BAB 1
PERENCANAAN DAN MANAJEMEN RITEL
1. GAMBARAN UMUM TENTANG RITAIL
Pengertian Retail
Retail adalah penjualan dari
sejumlah kecil komoditas kepada konsumen.
Retail berasal dari bahasa
Perancis yaitu ” Retailer” yang berarti ” Memotong menjadi kecil kecil” (Risch,
1991 ).
Sedangkan menurut Gilbert (2003)
Retail adalah Semua usaha bisnis yang secara langsung mengarahkan kemampuan
pemasarannya untuk memuaskan konsumen akhir berdasarkan organisasi penjualan
barang dan jasa sebagai inti dari distribusi
Dalam kamus Bahasa Inggris –
Indonesia, Retail bisa juga di artikan sebagai “Eceran”
Pengertian Retailing adalah semua
aktivitas yang mengikut sertakan pemasaran barang dan jasa secara langsung
kepada pelanggan
Pengertian Retailer adalah semua
organisasi bisnis yang memperoleh lebuh dari setengah hasil penjualannya dari
retailing ( lucas, bush dan Gresham, 1994)
Klasifikasi Retail
Menurut Pintel dan Diamond
(1971), Retail dapat di klasifikasikan dalam banyak cara, sebagai contoh Retail
dapat di kelompokkan sesuai dengan aktivitas penjualan barang berdasarkan sbb :
- Retail Kecil
Bisnis Retail kecil di gambarkan
sebagai retailer yang berpenghasilan di bawah $500 pertahun. Pemilik retail
pada umumnya bertanggung jawab penuh terhadap seluruh penjualan dan manajemen.

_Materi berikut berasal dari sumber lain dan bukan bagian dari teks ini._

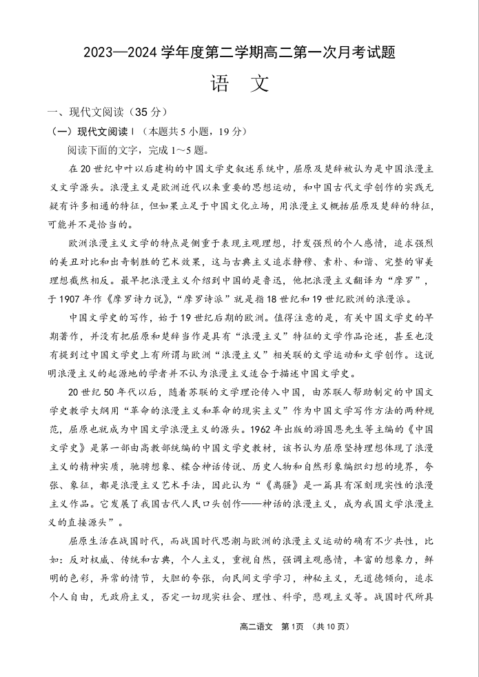 海南省文昌中学2023-2024学年高二下学期第一次月考语文
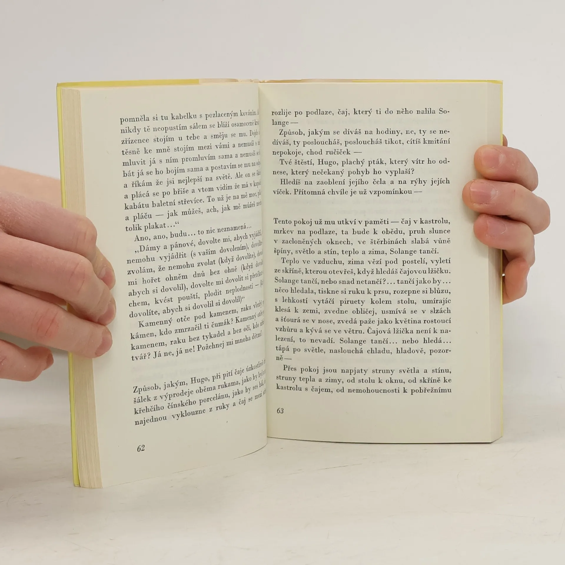Tři novely (či mikroromány): Solange je lyrizovaný příběh z padesátých let 20. století o hrdinčině marné touze uniknout monotónnosti každodenního života a odpoutání se od neuspokojivé role, přiřčené ji společností. Mistr Ma je porovnání výroků fiktivního čínského filozofa s komentáři jeho ženy a jednoho z jeho žáků. Sám ve dvou je groteskní hyperbola jejíž hrdina nebo hrdinové jsou ve své omezenosti a snaze dosáhnout jednorozměrné přehlednosti společenskými protinožci nešťastné Solange.
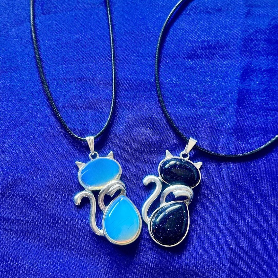 猫ネックレス|月と星を宿すお守りジュエリー・選べる2タイプ・癒しのブルーアクセサリー
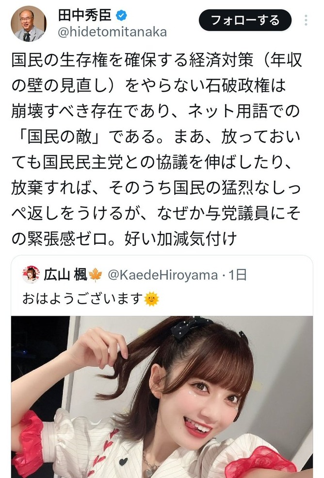国民の生存権を確保する経済対策(年収の壁の見直し)をやらない石破政権は崩壊すべき存在であり、ネット用語での「国民の敵」である。まあ、放っておいても国民民主党との協議を伸ばしたり、放棄すれば、そのうち国民の猛烈なしっぺ返しをうけるが、なぜか与党議員にその緊張感ゼロ。好い加減気付け https://t.co/MpyQyDa7xC
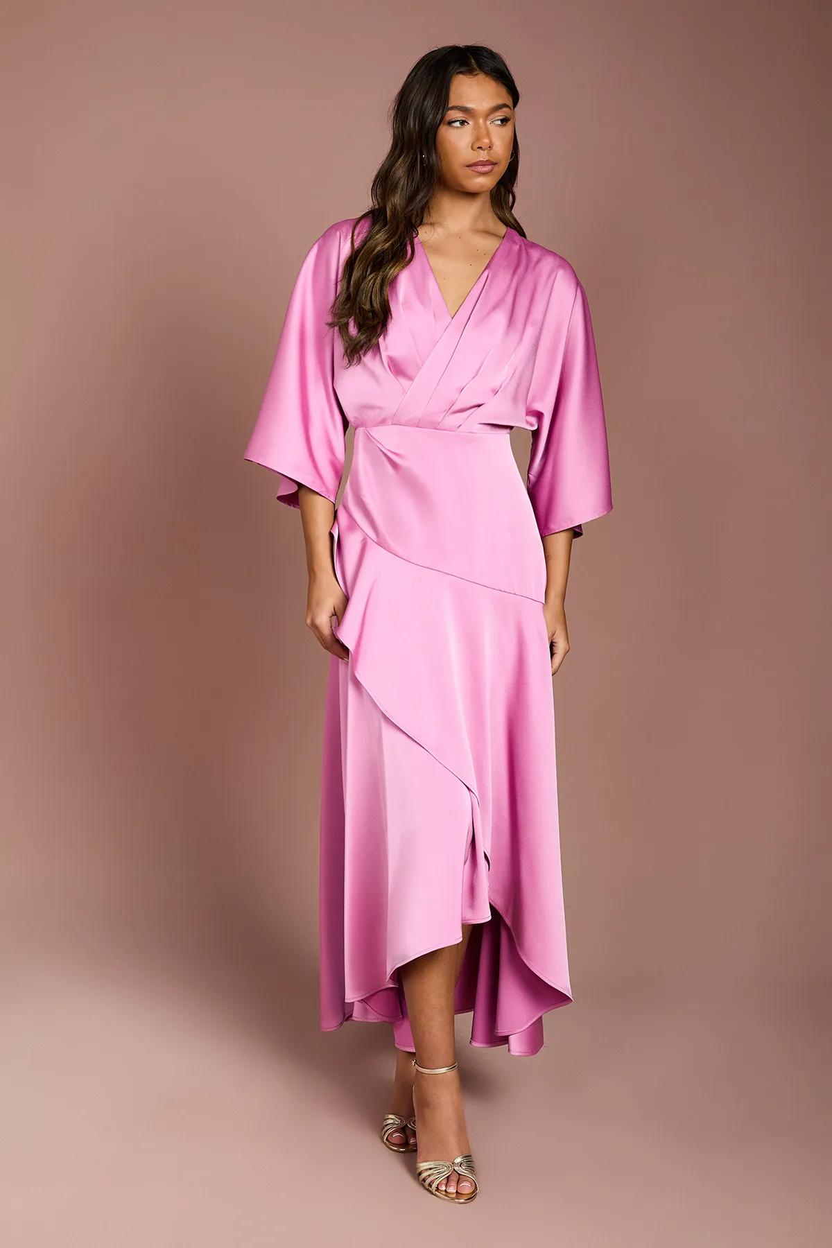 Dresses | Satin Back Crepe Ruffle Wrap Midi Dress | Coast
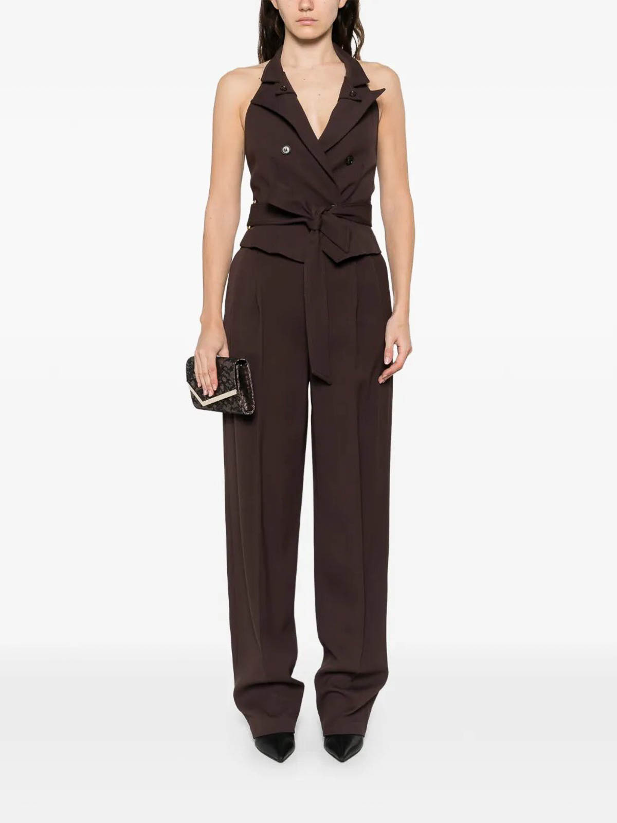 ELISABETTA FRANCHI: カジュアルトラウザー - カジュアルパンツ - ブラウン
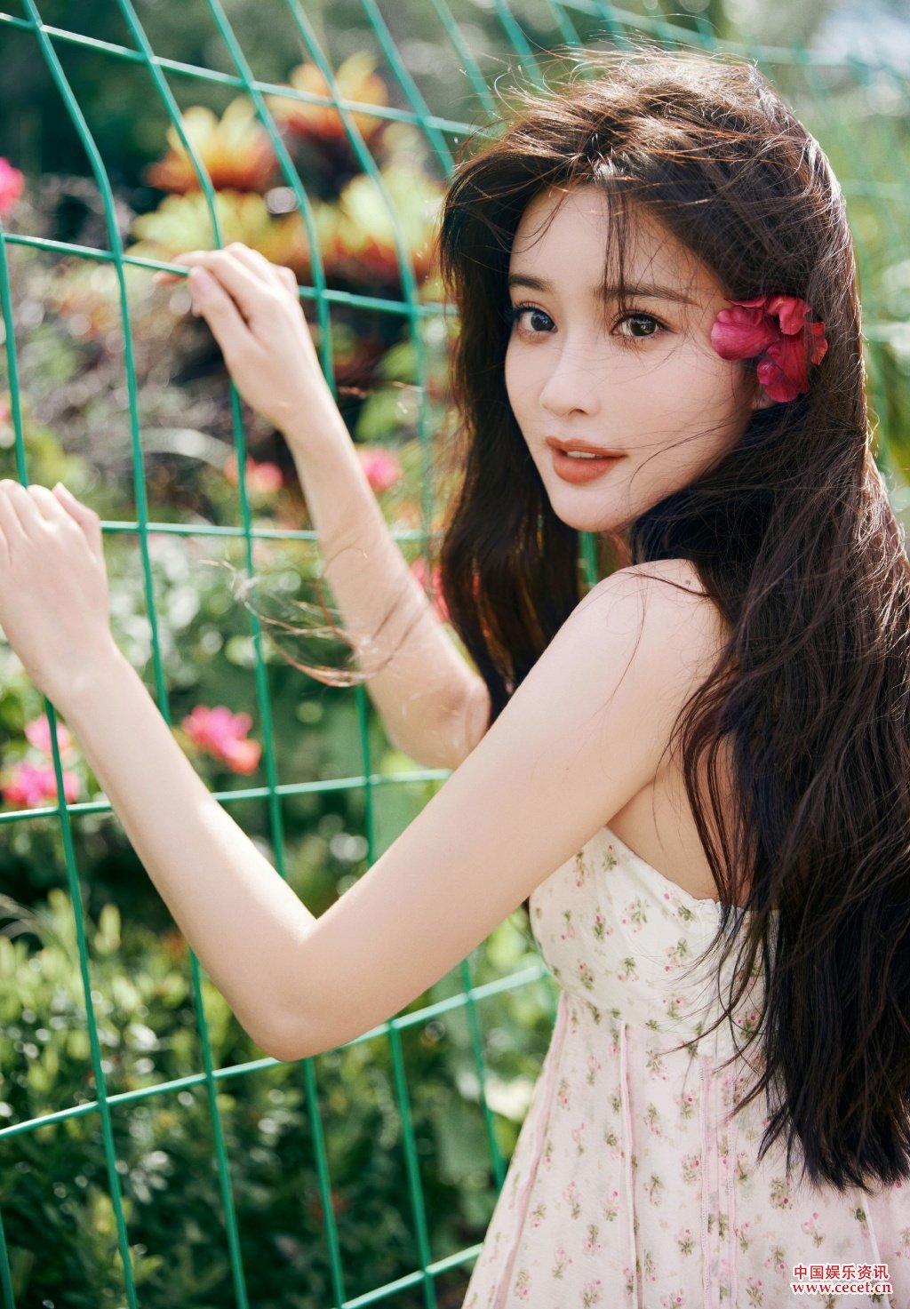 孟子義一襲清新碎花裙漫步在花叢旁仙影裊娜
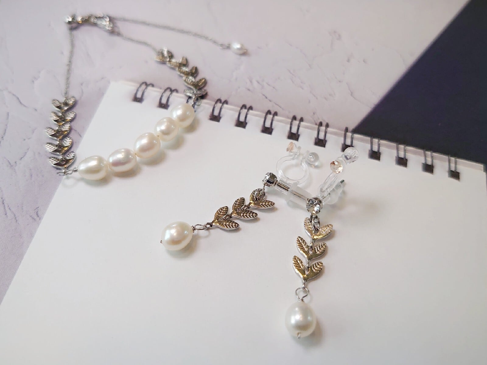 ~淡水パールとリーフチェーンのネックレスと耳飾り~
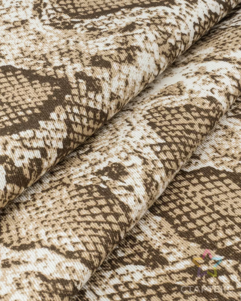 Ткань джинс стрейч "Мали" принт цвета мультиколор (бежевый / коричневый)
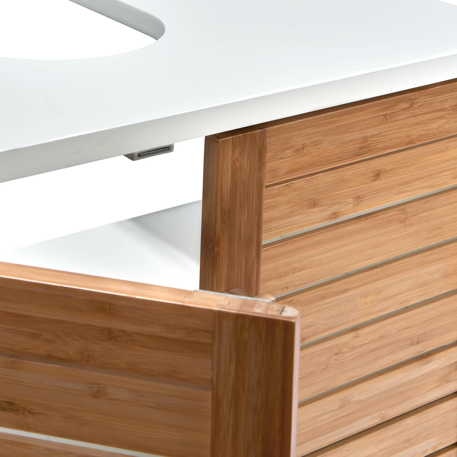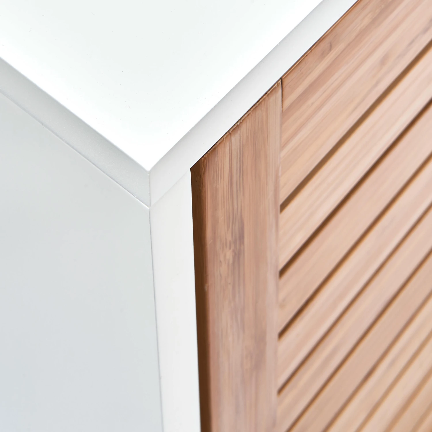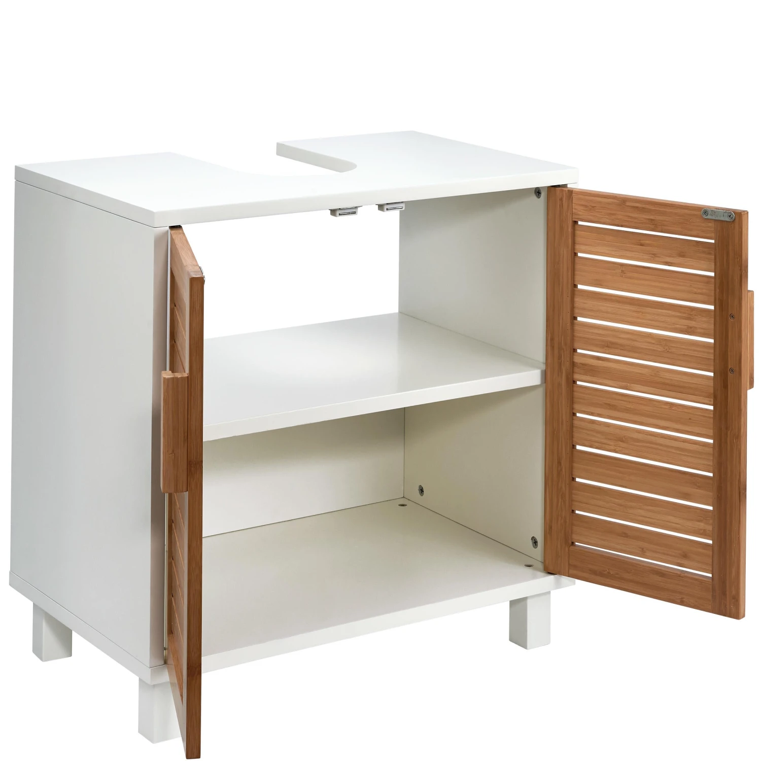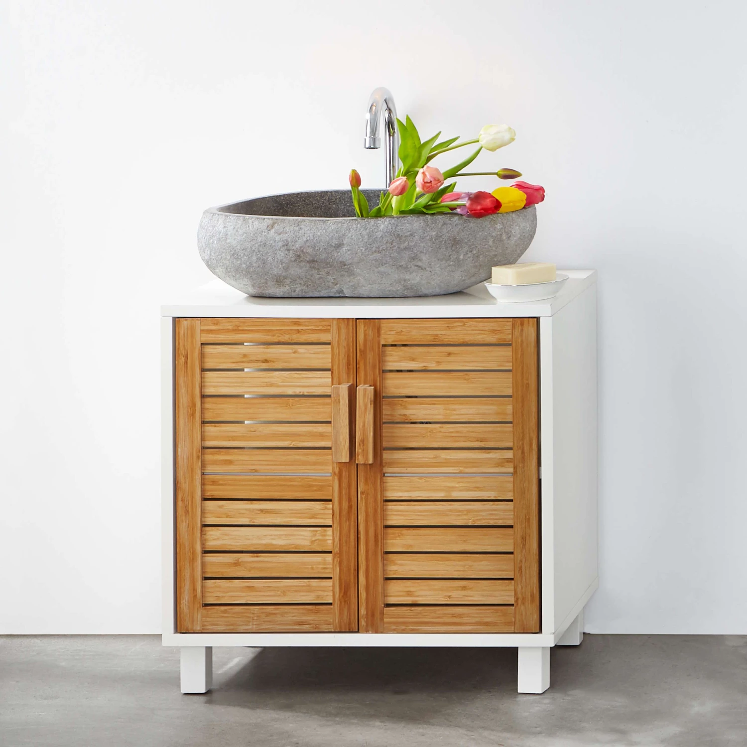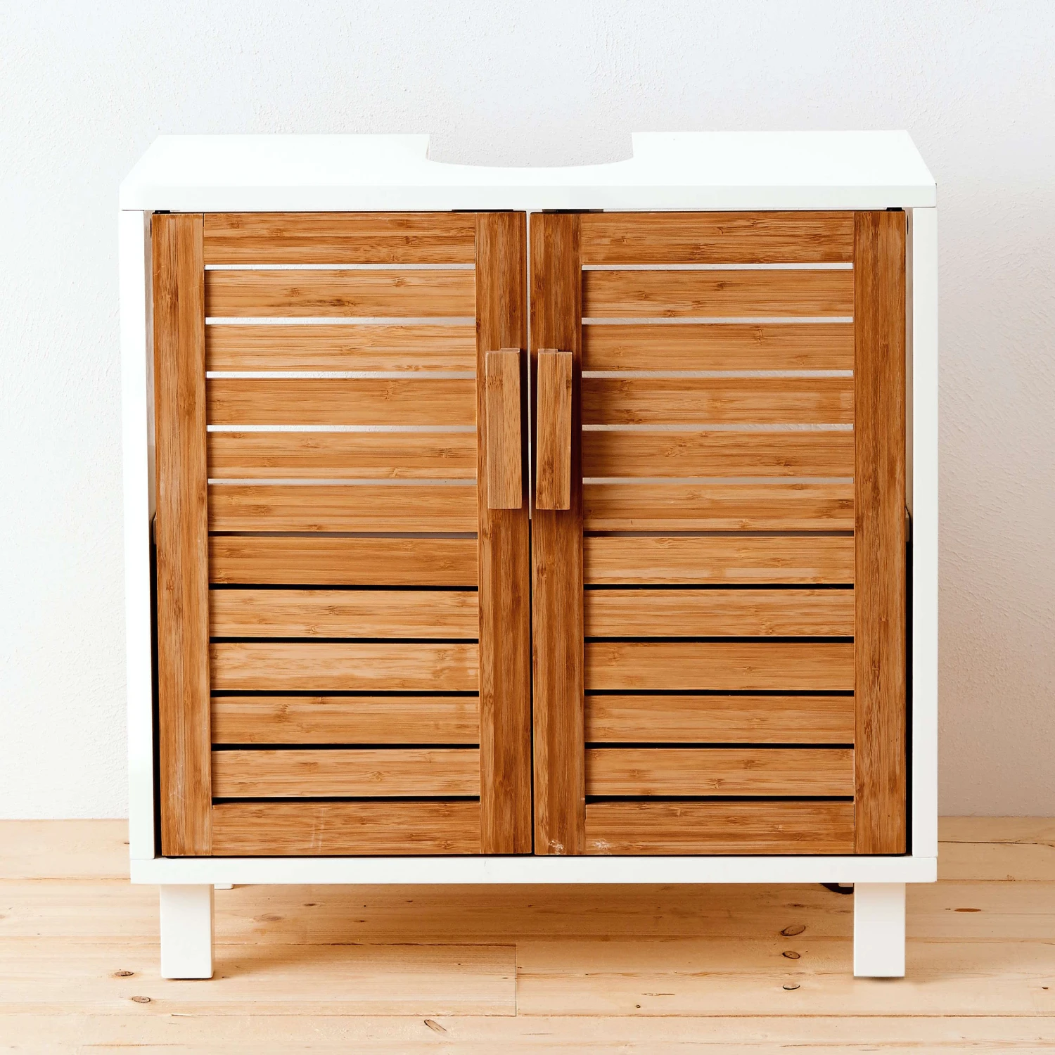 Helle Farben und klare Linien mit praktischer Aufbewahrung in moderner Optik – dieser ordnungsliebende Waschbeckenunterschrank versteht sich direkt mit Ihren Wohnideen und den Anforderungen in Ihrem Badezimmer. Durch die zeitlose Farbkombination aus natur und weiß wirkt er zudem elegant und bietet auf zwei Ebenen optimalen Platz für Ihre Badutensilien. Für ein einfaches Öffnen und Schließen sorgt der Magnetverschluss an den Türen. Durch die Verarbeitung von Bambus, einem schnell nachwachsenden und extrem widerstandsfähigen Rohstoff, punkten Sie zudem in Sachen Nachhaltigkeit. Dies kommt nicht nur der Umwelt zugute, sondern zeigt sich auch in der Langlebigkeit unserer Möbel. Weitere Produkte der Serie erhältlich.

Biasanya kebanyakan pemilik toko
pada bisnis retail kecil ini dimiliki oleh secara individu (Individual
Proprietorship)
- Retail Besar
Pada saat ini industri Retail di
kuasai oleh organisasi besar, organisasi tersebut meliputi : Departemen Store –
Chain organization (organisasi berantai), Supermarket, Catalog Store, Warehouse,
Outlet dan Online Store (Toko Online )
Departemen Store merupakan salah
satu dari retailer besar dimana menawarkan berbagai macam jenis produk /
barang, tingkat harga dan kenyamanan dalam berbelanja.
2. SALURAN PEMASARAN RITAIL
Yang membedakan Retail Multilevel
& Retail Konvensional adalah strategi pemasarannya, strategi strategi yang
di implementasikan tujuannya adalah, tidak lebih tidak kurang yaitu menyediakan
produk yang diproduksi dari pabrik kepada konsumen akhir.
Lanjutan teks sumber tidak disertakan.